米政府系放送局「自由アジア放送(RFA)」は5月17日、平壌の高層ビル・マンション街で金正恩体制を批判するビラが大量に散布されたと報道した。国家保衛省など監察機関は非常事態に入り、厳しく取り締まっているようだ。大量の体制批判ビラの散布は金日成大学理工学部の学生が中心だが、全国の青年学生が抱える不平不満の現れでもある。ビラの主な内容は「3代長期独裁政権にわれわれ人民は騙され、アジアの最貧国に落ちている。われわれ人民が総決起して金正恩独裁者を倒すべきだ」との呼び掛けだ。親子孫3代にわたる70年の長期独裁政権は現代において類例のない異常な状況であり、現代版の王朝である。とりわけ、金日成親子孫の別荘は全国に24ヵ所も散在しており、特閣と呼ばれる別荘は超豪華施設であると知られている。

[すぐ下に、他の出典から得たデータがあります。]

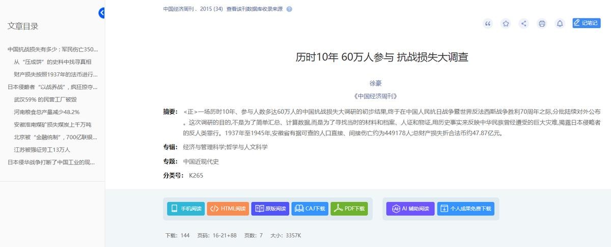 徐豪.历时10年60万人参与抗战损失大调查[J].中国经济周刊,2015,(34):16-21+88.
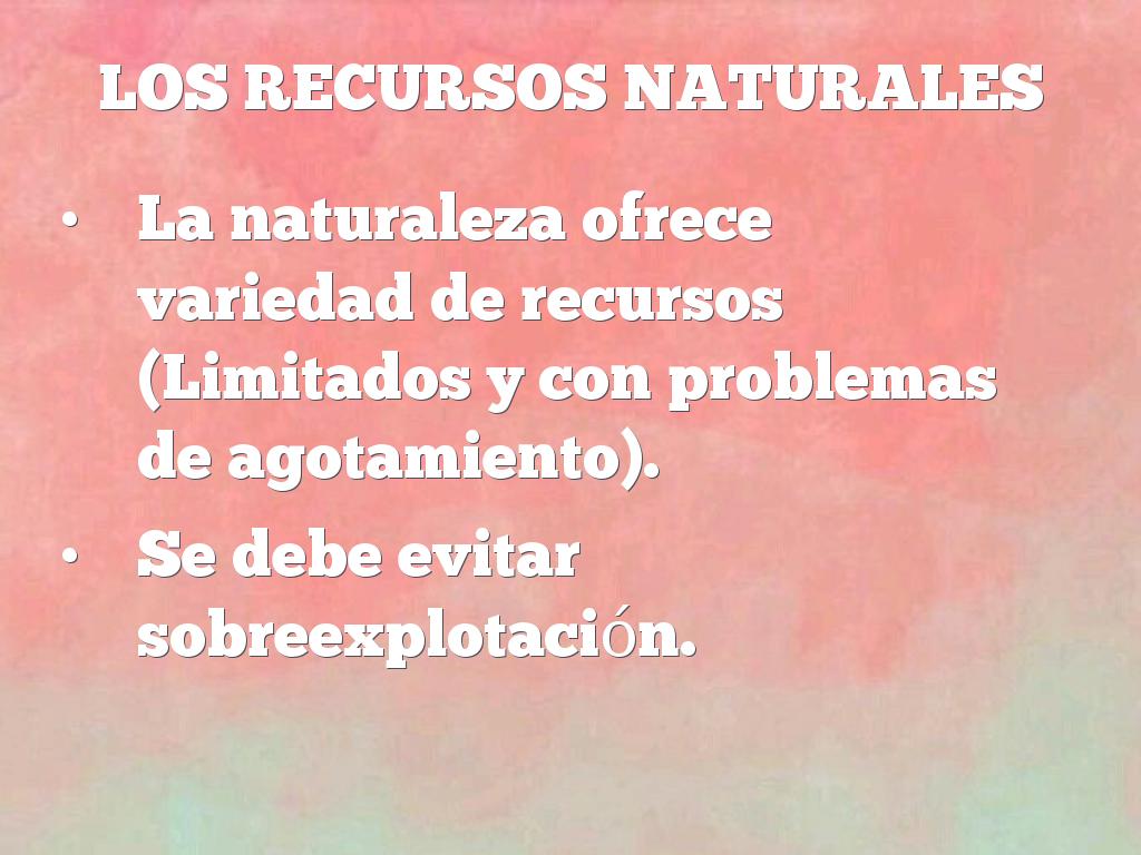 - La naturaleza ofrece variedad de recursos (Limitados y con problemas de agotamiento).

一般人民は1990年代半ばの「苦難の行軍」時に150万人以上が餓死したのに、指導者は贅沢三昧の生活をしている。鋭い感受性を持つ青年学生たちには、到底受け入れられない常識外れなのである。
現在、北朝鮮は経済の落ち込みがひどく、労働党幹部さえ配給物資が届かない状況にある。このような経済危機を乗り越えるため、金正恩は第2の「苦難の行軍」と自立更生を呼びかける一方で、不平不満を抑えるために恐怖政治を再開している。金正恩は叔父を残忍に処刑し、兄を海外で毒殺するだけでなく、側近たちを相次いで処刑する恐怖政治を行ってきた。とりわけ、米国人大学生ワームビア氏が2017年、北朝鮮で拷問を受け昏睡状態で帰国し、直後に死亡した事件は人権を重視するバイデン政権にとって許せない蛮行だ。
米国は自国民が殺されたら何年経っても必ず報復する国柄である。最近、在韓米軍司令官に指名されたポール•ラカメラ太平洋陸軍司令官(陸軍大将)は特殊戦部隊で実戦経歴が多い。大尉の時はパナマの独裁者ノリエガ捕縛作戦、少佐の時はハイチのクーデター鎮圧作戦、イラク戦ではフセイン捕縛作戦、過激派組織「イスラム国」(IS)掃討戦の指揮官など、特殊戦で実戦経験を積み重ねた。
また最近、指名された在韓米海軍司令官も海軍特殊部隊(Navy SEALs)出身である。これらの人事は、北朝鮮の長期独裁政権の内部崩壊とレジームチェンジを視野に入れたと考える。金正恩体制が国内外から脅かされ始めているのが分かる。
*本稿は5月21日付世界日報に掲載したコラムを部分的に修正したものです。